April 28, 2026
UAE's exit from OPEC could shake global markets and hit the Russian budget, experts believe
What happened. The United Arab Emirates announced its withdrawal from the Organization of the Petroleum Exporting Countries (OPEC) and OPEC+. From May 1, the UAE will be able to independently decide how much oil to produce and sell without regard to quotas set by the organization. How this will affect the markets. In the short term, the UAE's exit from OPEC+ has minimal significance for the global market, Tatiana Mitrova, an expert at the Center for Global Energy Policy at Columbia University, told "Novaya-Europe." According to her, the Emirates are currently limited in oil exports – the Strait of Hormuz is blocked, and the bypass pipeline is fully loaded and pumps about 1.8 million barrels of oil per day. Before the conflict, the country exported 2.7 million barrels per day and produced 3.4 million. Analysts at "Promsvyazbank" note that the current oil deficit against the backdrop of the blockade of the Strait of Hormuz is keeping prices at a high level. However, the UAE's decision is a break from the previous price regulation system. And as soon as the conflict ends, the market will face an excess of oil, which usually leads to a price decrease. However, Sergey Vakulenko, a senior researcher at the Berlin Carnegie Center, notes that oil prices may remain high for about another year, despite the UAE's exit from OPEC+. As countries will have to replenish reserves depleted since February. How this will affect the Russian budget. Mitrova notes that if one of the most ambitious producers leaves the quota regime, then the ability to manage the market becomes weaker. And this will lower oil prices. Leading analyst at Freedom Finance Global, Natalia Milchakova, also writes about this risk. According to her, what is dangerous for Russia is not the UAE's exit from OPEC+ itself, but the possible collapse of the alliance, which will be followed by a long period of declining oil prices. However, Milchacova notes that by leaving OPEC, the UAE can still be a partner of Russia and participate in voluntary oil production cuts.

TL;DR
- The UAE is withdrawing from OPEC and OPEC+ starting May 1st.

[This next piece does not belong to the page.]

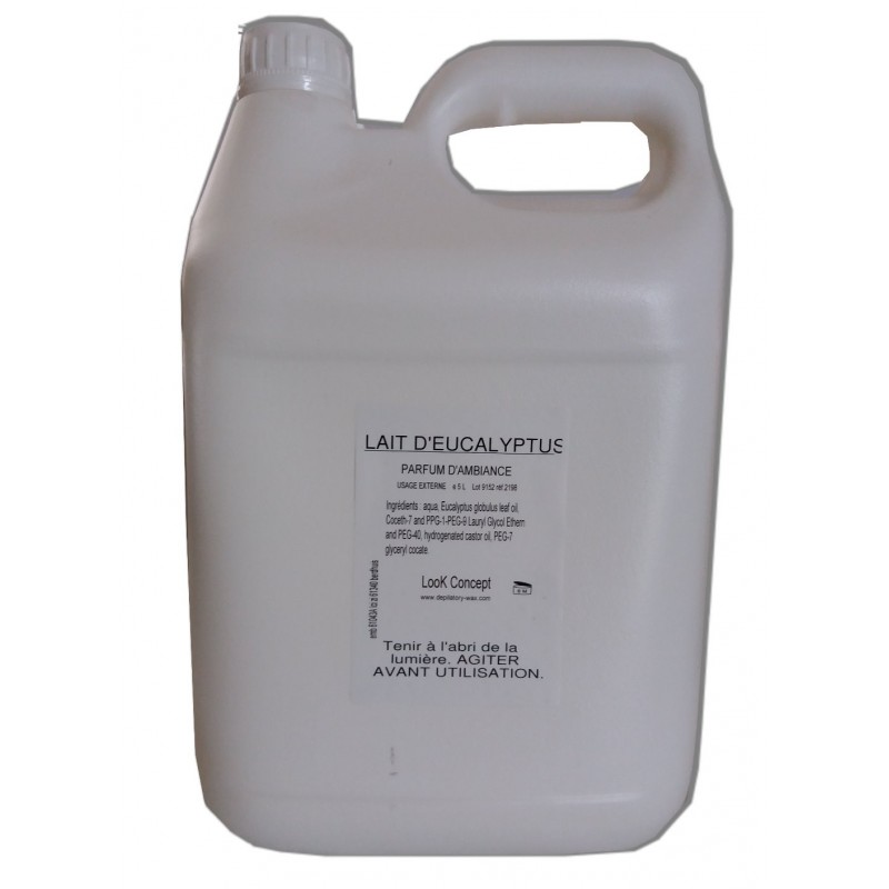 Bidon de 5 litres de lait parfumé à l'eucalyptus pour diffuseur aromatique et automatique en hammam.

- This allows the UAE to independently determine oil production and sales volumes.
- Short-term market impact is considered minimal due to current export constraints.
- Experts anticipate a potential oil surplus and price decrease once conflicts ease.
- The move could weaken OPEC+'s ability to manage the market.
- This decision poses a risk to the Russian budget due to potential oil price declines.